Fields said he believes they don’t want to lose parking due to the easement.  He doesn’t know how there can be an easement if it isn’t specific.


Molnar’s wording for Condition 19 is:  That a mutual access driveway easement be dedicated along the driveway aisle for use by the adjoining property to the west.  The adjoining property may only exercise use of the easement upon Site Review approval that incorporates use of the access for circulation on the approved site plan. 


Mike Franell, City Attorney said Fields should recuse himself because he owns the adjacent property and cannot vote. 


Stromberg/Douma amended the motion to add Condition 19 using Molnar’s wording above and adding wording about accommodations for a couple of parking spaces.  Roll Call for the amendment:   Douma, Chapman, Stromberg, Dawkins, Black and Morris voted “yes” and Fields recused himself.  The motion carried unanimously.


Roll Call to approve PA2005-01833:  Douma, Chapman, Stromberg, Dawkins, Black and Morris voted “yes” and Fields recused himself. The motion carried unanimously.





DESCRIPTION:  Request for Site Review approval of a mixed-use commercial and residential development to be located at 1651 Ashland Street.  The proposal includes two, three-story mixed-use commercial and residential buildings.  Both buildings will consist of office and retail uses on the ground floors, and residential units on the first, second and third floors.  A total of 23 residential units are included in the proposed development.  The site is located in the Detail Site Review Zone, and is subject to the Detail Site Review Standards.  In addition, the proposal is subject to the Large Scale Development Standards because it exceeds 10,000 square feet in size and includes a building greater than 100 feet in length.  An Administrative Variance from Site Design and Use Standards is requested for the distance between the buildings.  A Tree Removal Permit is requested to remove 18 trees on site.

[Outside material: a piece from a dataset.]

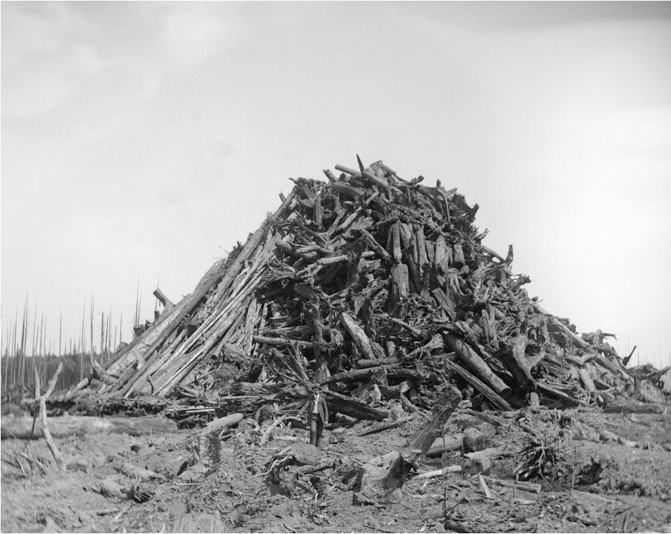
Figure 4. "Land clearing," ca. 1914, photograph by Jean Davidson, City of Vancouver Archives, cva 660-331. Image also available online at: http://botanyjohn.org/gallery/v/cvaslides/2007_660_0331.jpg.html .

This mess of stumps, fire scars, and bushy second growth, and his professional duties as newly appointed provincial botanist and, later, professor at UBC, led Davidson to advocate City Beautiful principles and to initiate a civic Arbor Day. He believed that the orderly reintroduction of native trees and flowers into the now decrepit cityscape was essential to raising a virtuous younger generation. Figure 5, "Land sale," an image taken between 1915 and 1917, shows Vancouver at what Davidson considered its worst. With the tree cover gone, the ground is eroding into a muddy wasteland. The few modest houses do nothing to compensate for the ruin. However, Figure 6, "City beautification," taken a few short years later in an adjacent part of the city, provides an example of the antidote. In time, the private gardens and wide tree-lined boulevards would compensate for the flora removed during the city's creation.

Site Visits and Ex Parte Contacts

Douma, Fields, Dawkins, Stromberg and Morris had site visits.  Black did not walk the site but she noticed traffic issues when she tried to get out of the driveway from a neighboring business.   Chapman had a site visit and noticed the interesting shed on the property. 



Harris read the applicable approval criteria.  The site is about 1.6 acres, comprised of two parcels.  There is an existing shed on the property.  There are 36 trees on the site, six inches diameter and greater.  The proposal is to build two, three-story mixed-use buildings.  In both buildings, the ground floor consists of retail or office and residential units on the first, second and third floors.  The front building facing Ashland Street is referred to as Building 1 and is proposed to be approximately 14,000 square feet.  The rear building referred to as Building 2 is roughly 20,000 square feet.  Two driveways are proposed to access the site.  There is cross-access provided leading to the vacant church parcel and an access easement leading to the back of one of the residential properties on Parker Street.  The applicant is proposing a circular system with 66 parking spaces.  Twenty-eight covered spaces are located behind Building 2.  There are 34 bike parking spaces situated throughout the project.  The proposal is to remove 18 trees on the property. 


The water and electric will go out to Ashland Street.  The applicant is proposing to use an easement through a property that would provide for storm drainage and sanitary sewer that would go to Parker Street and then to Walker Avenue.  Paved access is by way of Ashland Street.  The applicant is proposing to upgrade the sidewalks to City commercial standards along the entire frontage of the property. 


Harris showed the Tree Protection Plan.  The primary clusters of trees to be preserved are on the western an eastern boundaries.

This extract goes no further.